I am going to look into the getting the kit... Will I need anything other than the model number of the engine...or will I need the model number of the carburetor as well?


----------



## Pappy (Jun 29, 2012)

You will need the engine model number. There were several suggestions for things that need to be looked at and attended to in my first post............not just the carb.


----------



## 11B3G (Jul 6, 2012)

I will be doing a full run through on all the things you mentioned... The packings, and washers shown in the diagrams were definitely missing. It has brand new coils and spark plugs... I'll open up the gear case and check the impeller this weekend.
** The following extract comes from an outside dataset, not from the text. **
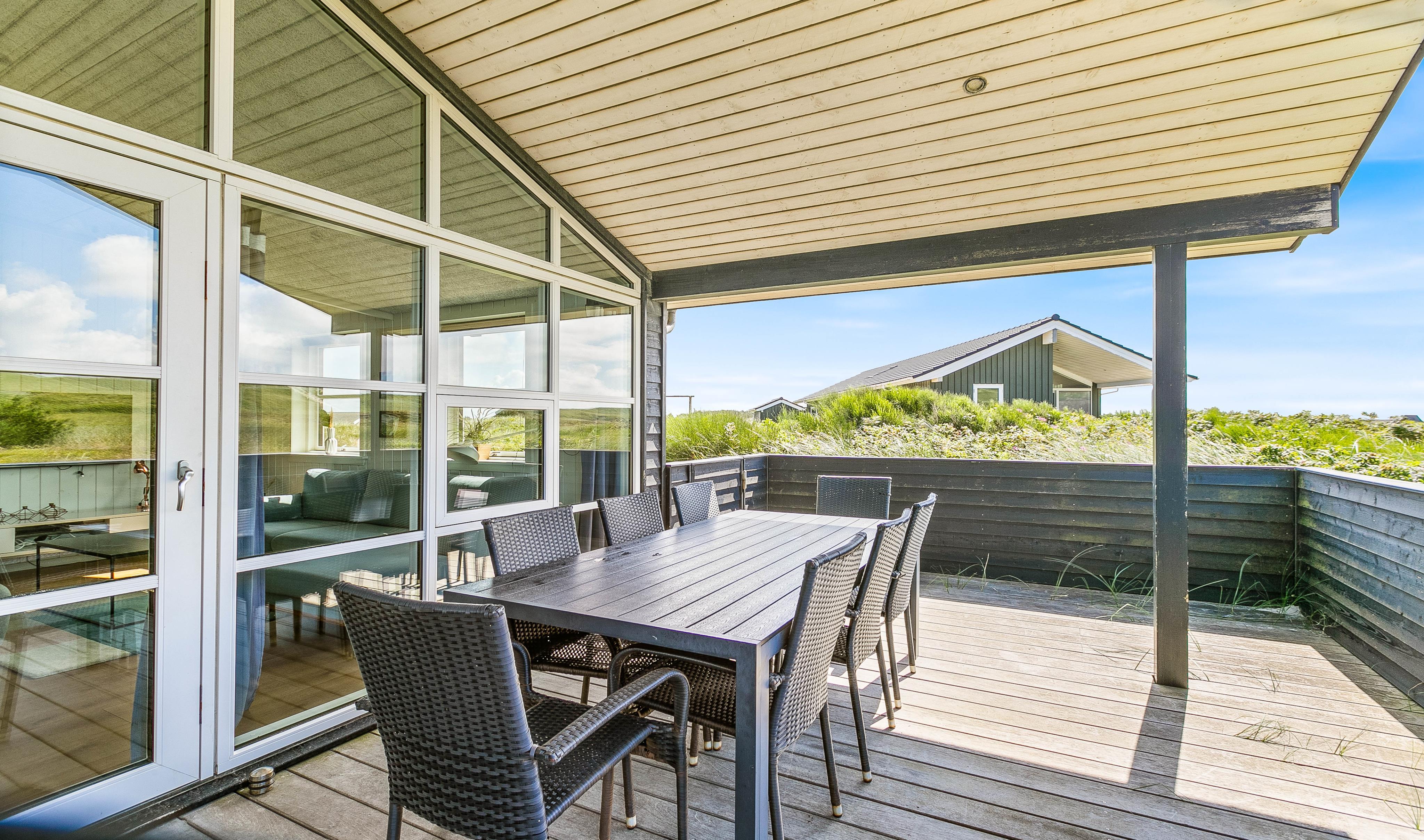En af terrasserne er lukket og dermed helt perfekt, hvis du har hund og småbørn med. Og især den overdækkede terrasse er god til sommerfrokoster og grillaftener i det fri.

Just got back from our fishing trip about an hour ago.. Had a great time..didn't get to do as much fishing as I would have liked to do but we had my two boys (6 and 3 1/2 years old) and my brother and his 4 yr old daughter. Thanks again.


----------



## 11B3G (Jul 6, 2012)

Haven't found the carb kit yet though... The model number is a 40604A there is another set of numbers, but after doing research I have found that the aforementioned is the actual model number..not sure what the others listed below are.


----------



## 11B3G (Jul 6, 2012)

Found the model number on the carb.... 379486....... I have been told the rebuild kit (part # 0439075) is the best one to go with.. Any opinions on that?


----------



## 11B3G (Jul 6, 2012)

11B3G said:


> I will be doing a full run through on all the things you mentioned... The packings, and washers shown in the diagrams were definitely missing. It has brand new coils and spark plugs... I'll open up the gear case and check the impeller this weekend. Just got back from our fishing trip about an hour ago.. Had a great time..didn't get to do as much fishing as I would have liked to do but we had my two boys (6 and 3 1/2 years old) and my brother and his 4 yr old daughter. Thanks again.




What type of damage/wear should I look for?...besides cracks and completely broken...


----------